Some years and two superintendents later, I again sat in the office of a central office administrator. To fulfill an assignment I was to interview an administrator (not my immediate superior) about group processes and leadership. Following the instructor’s advice, I interviewed the superintendent. He was a bit late and apologized. We sat at a conference table in his office, not with a massive desk between us. He listened to my questions attentively and answered candidly, giving examples from his experience. He spoke of the strategic planning committees composed of individuals from the community, as well as parents, teachers, administrators, board members, and students working together to determine direction for the district. Decisions made by those committees would be honored even if he disagreed with them. He noted that he will listen carefully to what another has to say even if the other obviously dislikes him, because what is said can have value.
He extended the time of the interview slightly until I had exhausted my questions, and then added a bit of district background that became essential to my paper. This time as I walked away from the administration building, I felt encouraged for the future of the district. A transformational leader was at work transforming a formerly transactional organization.
There is still a long way to go in reconciling old factions and breaking the bonds of old habits, but there is hope that these things can be done because the superintendent is not only a transformational leader but a man who has been transformed from slave to heir by Christ.

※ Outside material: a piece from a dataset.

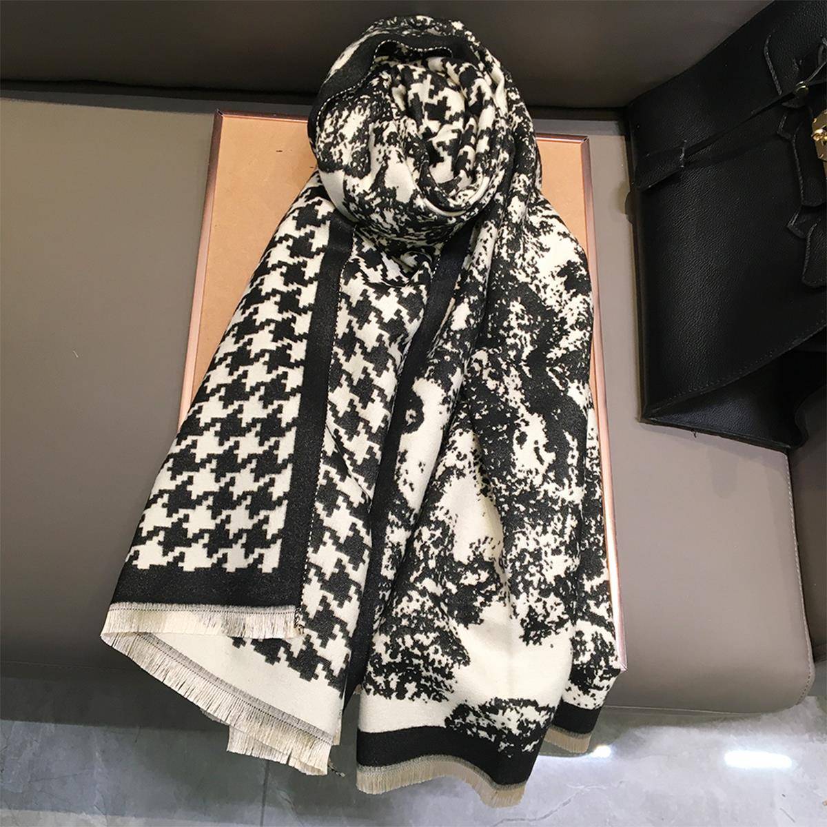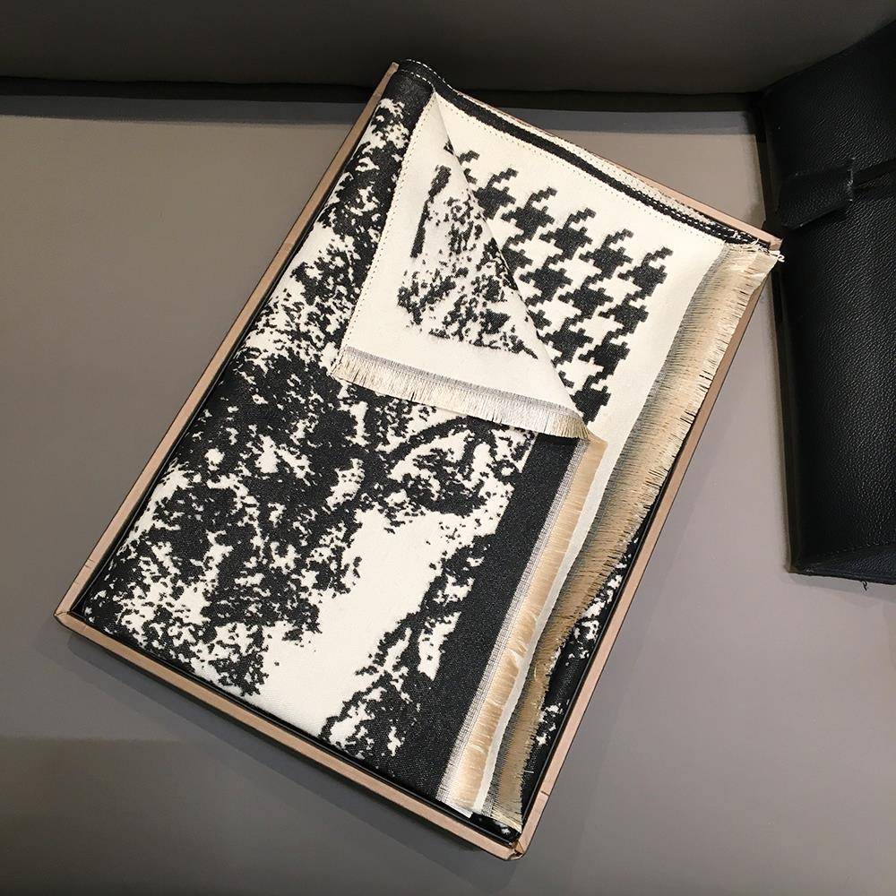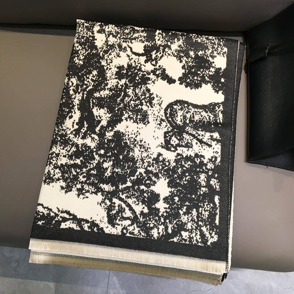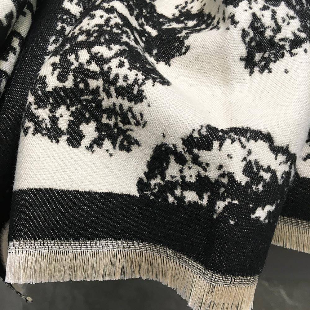 秋冬水画黑米围巾女百搭披肩两用大空调房披风斗篷保暖围1008z
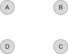 首先我们假设有四个网页,刚开始他们都没有链接到任何其他网页,也没有被其他网页链接,如下图所示。那么所有网页的rank值记为 $PR()=0$,而所有网页连接到其他网页的概率也为0,而总值我们设置为 1 。

As the elevator rose, he clutched the proposal more firmly. It was a risk. He could lose his position. He had decided not to make the decisions on what and who must be eliminated without input from those affected. He had told his managers what reductions were required and instructed them to find ways to cut expenditures with minimum reduction in production for the division. Further, he had insisted that they involve as many of the workers as time allowed to help in making the determinations. Meanwhile, he had followed his own instructions talking to those who knew the requirements best, being open and honest about what he needed. Now the results were in his hand. He had discovered ways to cut costs he never would have considered on his own. It was not the conventional way of doing things in the company, but in Christ he found the freedom to be unconventional. In what he believed was a Spirit-led decision, management in his division had agreed to a temporary cut in pay, himself included.
Now it remained to be seen if the proposal could be accepted. The door opened at the top floor.